To solve these two problems, Kafka has a very clever design. First, the segment file name is named after the offset of the first message in the file. Create a new segment file with the name 18234.log… create a new segment file with the name 18234.log… create a new segment file with the name 18234.log…

  • /kafka/topic/order_create/partition-0
    • 0.log
    • 18234.log #segment file
    • 39712.log
    • 54101.log

When we want to find out which segment the message offset x is in, we only need to do a binary search through the file name. For example, the message offset 2879 (the 2880th message) is obviously in the segment file 0.log.

Once the segment file is located, the other problem is finding the location of the message in the file, which is the offset. It would take an unacceptable amount of time to search from scratch! Kafka’s solution is to index files.

Kafka creates an index file for each segment file, just like mysql’s index file. Each record is a KV group, the key is the offset of the message, and the value is the offset of the message in the segment file:

offset position 0 0 1 124 2 336

Each segment file corresponds to an index file:

  • /kafka/topic/order_create/partition-0
    • 0.log

    • 0.index

    • 18234.log #segment file

    • 18234.index #index file

    • 39712.log

    • 39712.index

    • 54101.log

    • 54101.index

With an index file, we can get the exact location of a message and read it directly. Let’s go through the process again:

When querying the message offset is x

Use binary search to find this message at y.log

Read the y. lindex file to find the location in y.log of message x

The corresponding position of Y.log is read to obtain data

With this file organization, any message in Kafka can be read and retrieved very quickly. But this leads to another problem. If the number of messages is particularly large, adding a record to the index file for each message will waste a lot of space.

As a simple calculation, if a record in index is 16 bytes (offset 8 + Position 8), 100 million messages is 16*10^8 bytes =1.6G. For a slightly larger company, Kafka would collect far more than 100 million logs a day, perhaps tens or hundreds of times. In this case, the index file takes up a lot of storage. Therefore, Kafka chose to use “sparse indexes” as a trade-off.
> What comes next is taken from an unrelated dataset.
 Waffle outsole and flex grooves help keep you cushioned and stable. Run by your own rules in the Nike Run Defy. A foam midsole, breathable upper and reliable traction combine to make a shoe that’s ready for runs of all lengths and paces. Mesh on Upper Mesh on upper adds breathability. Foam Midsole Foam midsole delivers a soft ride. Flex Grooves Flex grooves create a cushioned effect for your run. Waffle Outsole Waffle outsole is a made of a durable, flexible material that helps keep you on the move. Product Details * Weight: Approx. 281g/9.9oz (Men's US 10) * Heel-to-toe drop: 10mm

The so-called sparse index means that not all messages will record its position in the index file. How many messages are recorded every interval? For example, one offset-position is recorded every interval of 10 messages:

offset position 0 0 10 1852 20 4518 30 6006 40 8756 50 10844

In this case, if we want to query the message offset x, we may not be able to find the exact location of the message, but we can use binary search, quickly determine the location of the nearest message, and then read a few more data to read the message we want.

For example, if we want to find the message offset 33, we can use binary search to locate the message offset 30, according to the table above, and then go to the corresponding log file to read back from that position three messages, the fourth one is 33. This approach is a trade-off between performance and storage space, and many systems are faced with a similar choice: sacrificing time for space or sacrificing space for time.
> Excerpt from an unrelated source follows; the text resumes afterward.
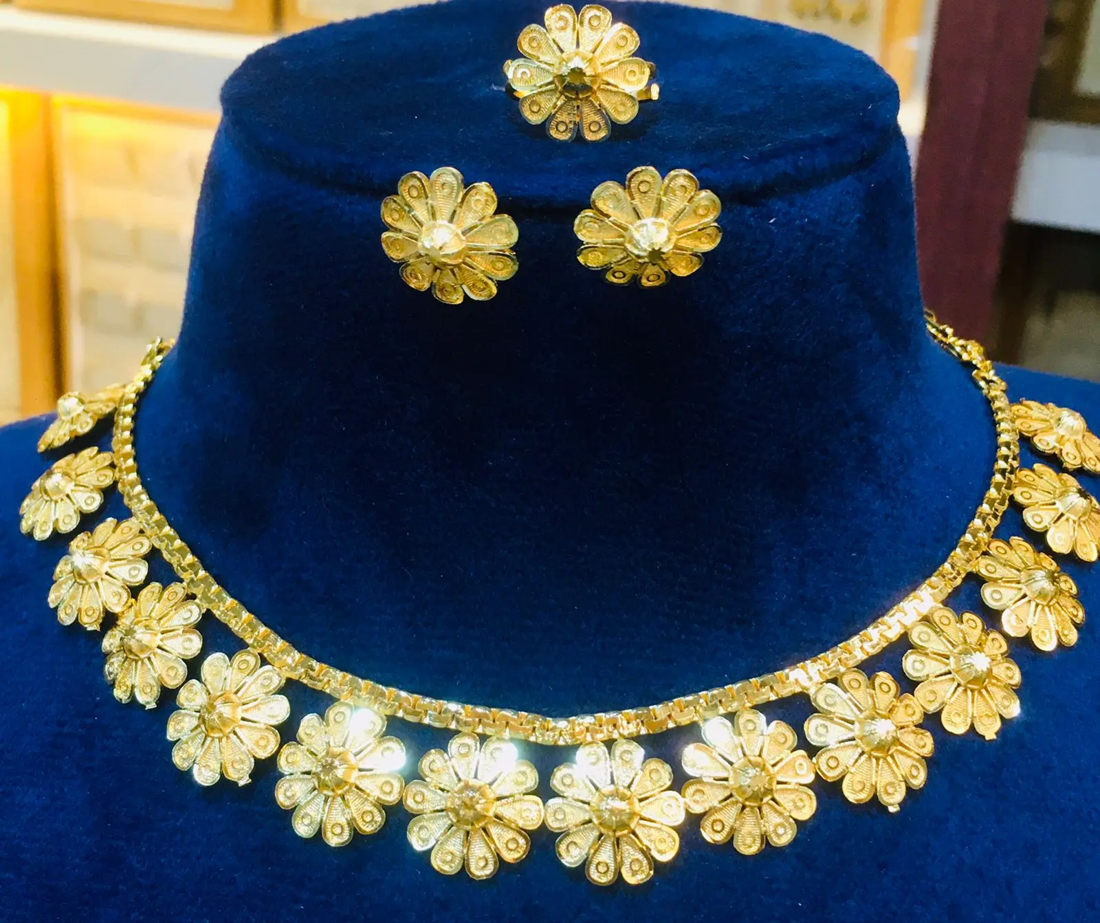 24K Gold Vintage Fashion Set Indian Manufacturer Includes Necklace Combs-for Silver Anniversary Mainly Copper Jewelry Made USA

At this point, we should have a clearer picture of kafka’s overall architecture. But in the analysis above, I deliberately left out another very, very important point in Kafka, which is the design of the high availability aspect. Because it is obscure, it introduces a lot of the complexity of distributed theory that prevents us from understanding kafka’s basic model. In the following sections, we will focus on this topic.

  1. Kafka high availability

High availability (HA) is critical to the core systems of an enterprise. With the development of services, the size of clusters increases. However, faults occur in large-scale clusters and the hardware and network are unstable. When some nodes in the system cannot work properly for various reasons, the whole system can tolerate the failure and continue to provide services normally, which is called high availability. For stateful services, tolerating local failures is essentially tolerating data loss (not necessarily permanently, but at least for a period of time).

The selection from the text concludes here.